** PROVIDED DATA follows **
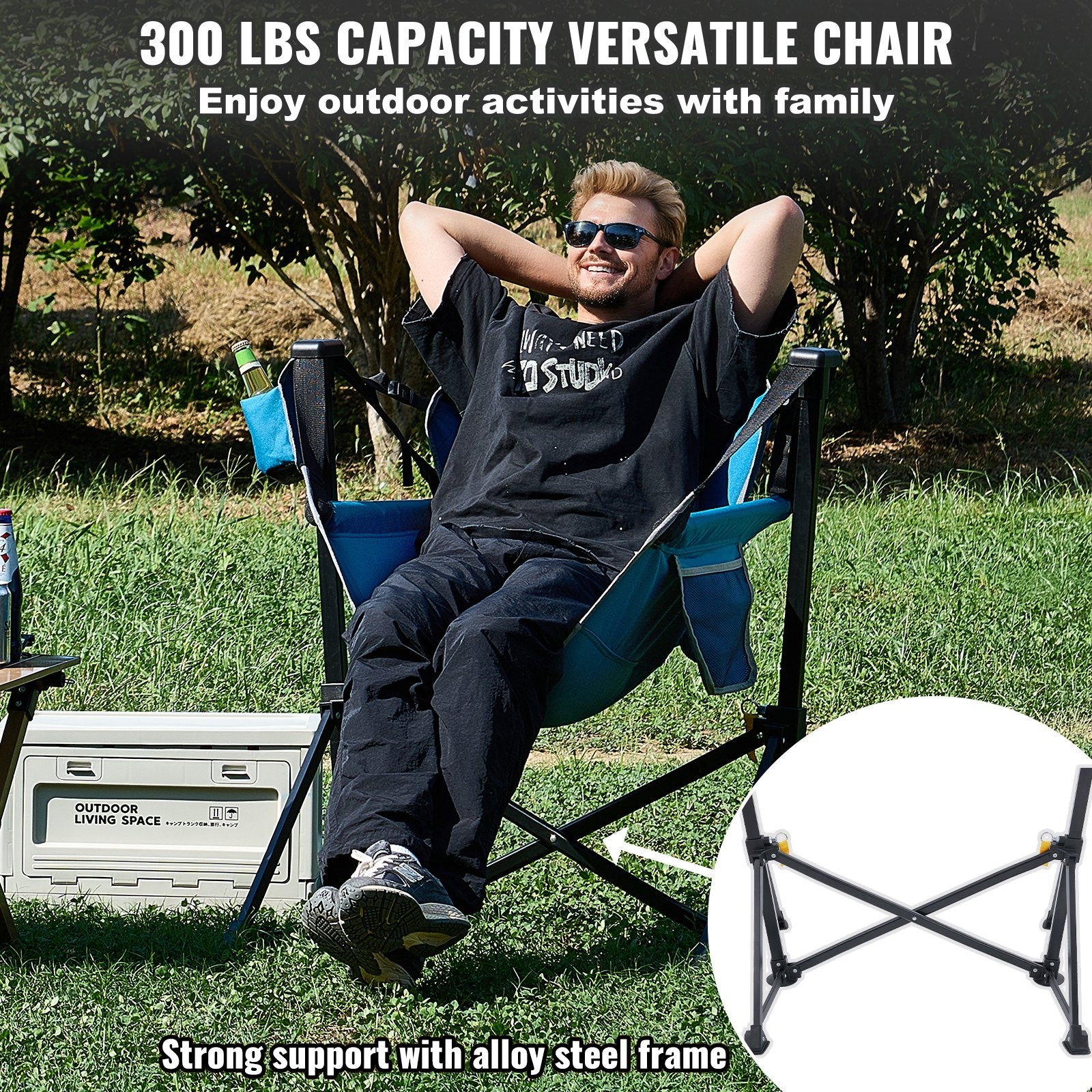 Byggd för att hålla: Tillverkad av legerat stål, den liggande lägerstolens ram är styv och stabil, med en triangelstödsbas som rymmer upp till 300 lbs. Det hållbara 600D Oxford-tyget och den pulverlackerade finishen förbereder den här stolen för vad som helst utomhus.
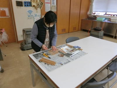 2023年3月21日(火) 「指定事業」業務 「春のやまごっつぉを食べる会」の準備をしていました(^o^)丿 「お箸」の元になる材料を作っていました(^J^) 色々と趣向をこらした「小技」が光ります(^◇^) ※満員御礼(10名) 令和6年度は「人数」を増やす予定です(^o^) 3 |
** End of PROVIDED DATA **
** PROVIDED DATA follows **
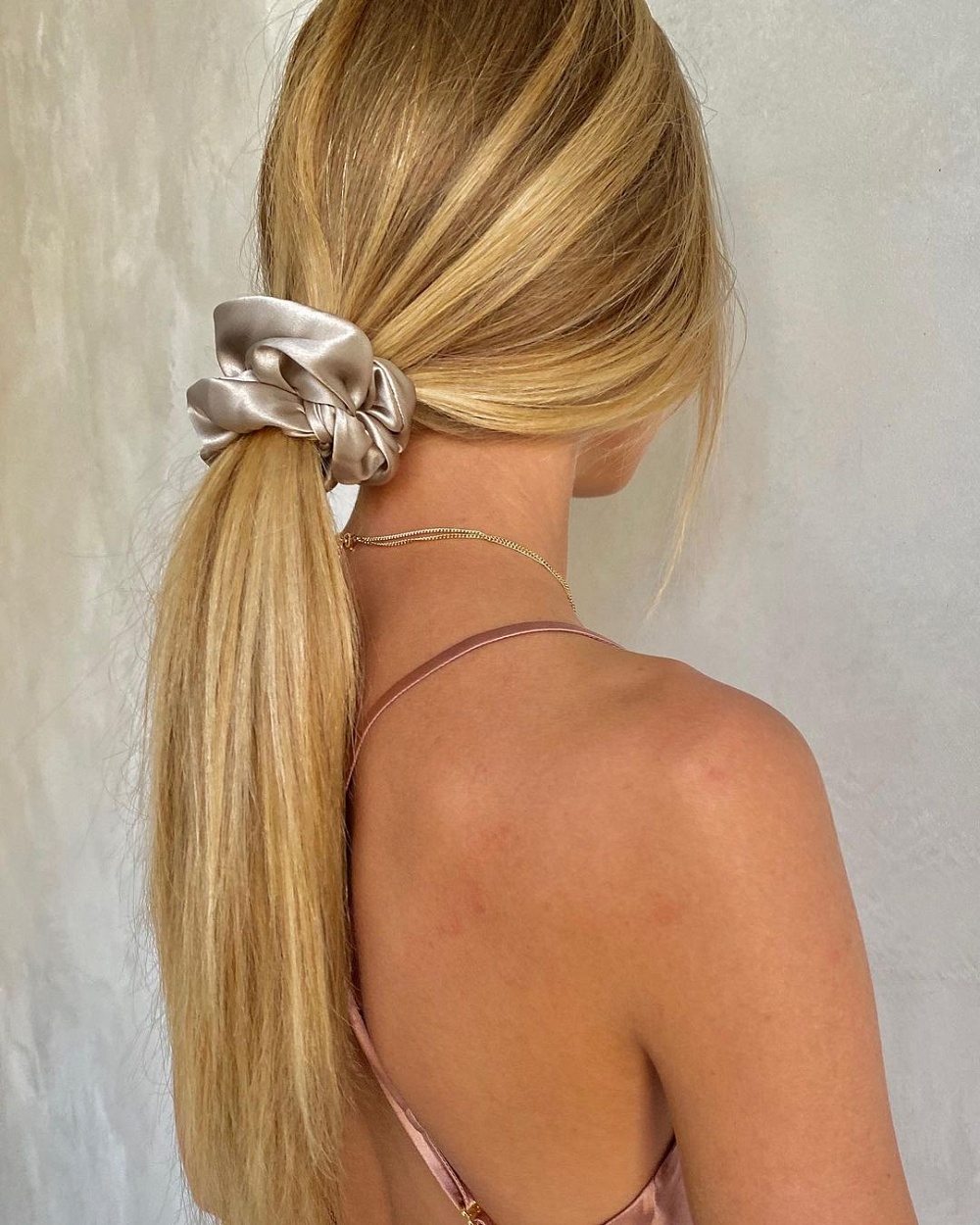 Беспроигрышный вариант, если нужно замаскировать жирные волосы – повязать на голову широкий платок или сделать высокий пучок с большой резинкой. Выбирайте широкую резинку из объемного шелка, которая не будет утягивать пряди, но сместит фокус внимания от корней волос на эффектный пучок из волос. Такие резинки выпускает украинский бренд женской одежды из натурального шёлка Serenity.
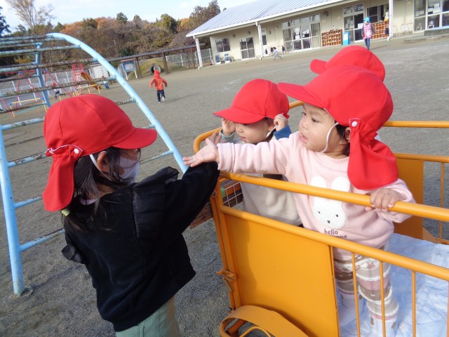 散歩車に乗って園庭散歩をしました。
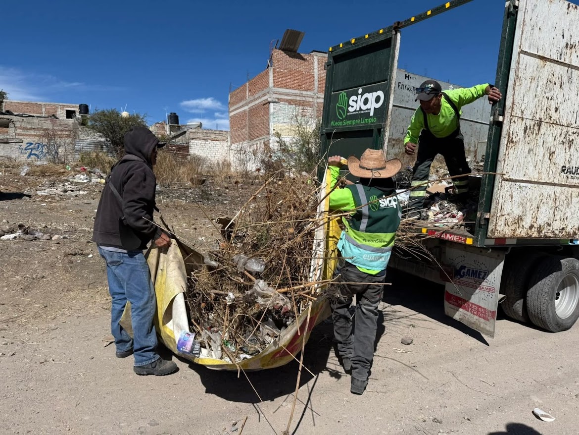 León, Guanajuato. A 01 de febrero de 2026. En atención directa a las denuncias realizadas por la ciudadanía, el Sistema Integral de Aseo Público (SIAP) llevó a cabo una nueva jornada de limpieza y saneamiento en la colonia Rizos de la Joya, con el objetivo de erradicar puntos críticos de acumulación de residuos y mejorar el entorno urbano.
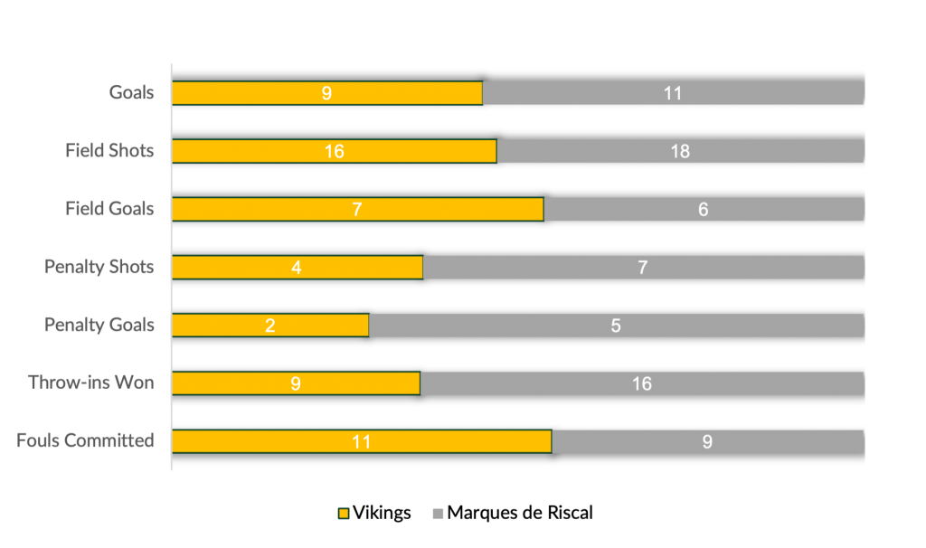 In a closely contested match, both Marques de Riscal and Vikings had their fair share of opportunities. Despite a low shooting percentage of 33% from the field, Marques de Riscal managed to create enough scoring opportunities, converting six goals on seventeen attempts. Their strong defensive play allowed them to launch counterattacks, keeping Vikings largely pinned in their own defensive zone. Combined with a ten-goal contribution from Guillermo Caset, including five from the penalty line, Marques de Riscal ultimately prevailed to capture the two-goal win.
** End of PROVIDED DATA **
** PROVIDED DATA follows **
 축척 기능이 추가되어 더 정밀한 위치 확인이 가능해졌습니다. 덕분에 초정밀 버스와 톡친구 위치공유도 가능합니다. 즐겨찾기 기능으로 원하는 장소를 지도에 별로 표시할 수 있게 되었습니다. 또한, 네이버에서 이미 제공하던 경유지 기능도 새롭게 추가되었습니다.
** End of PROVIDED DATA **
### EXERCISE OBJECTIVE
Reproduce the data above exactly, but only from the line containing "Byggd för att" through the line containing "2023年3月21日(火) 「指定事業」業務 「春のやまごっつぉを食べる会」の準備をしていました(^o^)丿"; skip the pictures.

### EXPECTED ANSWER
 Byggd för att hålla: Tillverkad av legerat stål, den liggande lägerstolens ram är styv och stabil, med en triangelstödsbas som rymmer upp till 300 lbs. Det hållbara 600D Oxford-tyget och den pulverlackerade finishen förbereder den här stolen för vad som helst utomhus.
 2023年3月21日(火) 「指定事業」業務 「春のやまごっつぉを食べる会」の準備をしていました(^o^)丿 「お箸」の元になる材料を作っていました(^J^) 色々と趣向をこらした「小技」が光ります(^◇^) ※満員御礼(10名) 令和6年度は「人数」を増やす予定です(^o^) 3 |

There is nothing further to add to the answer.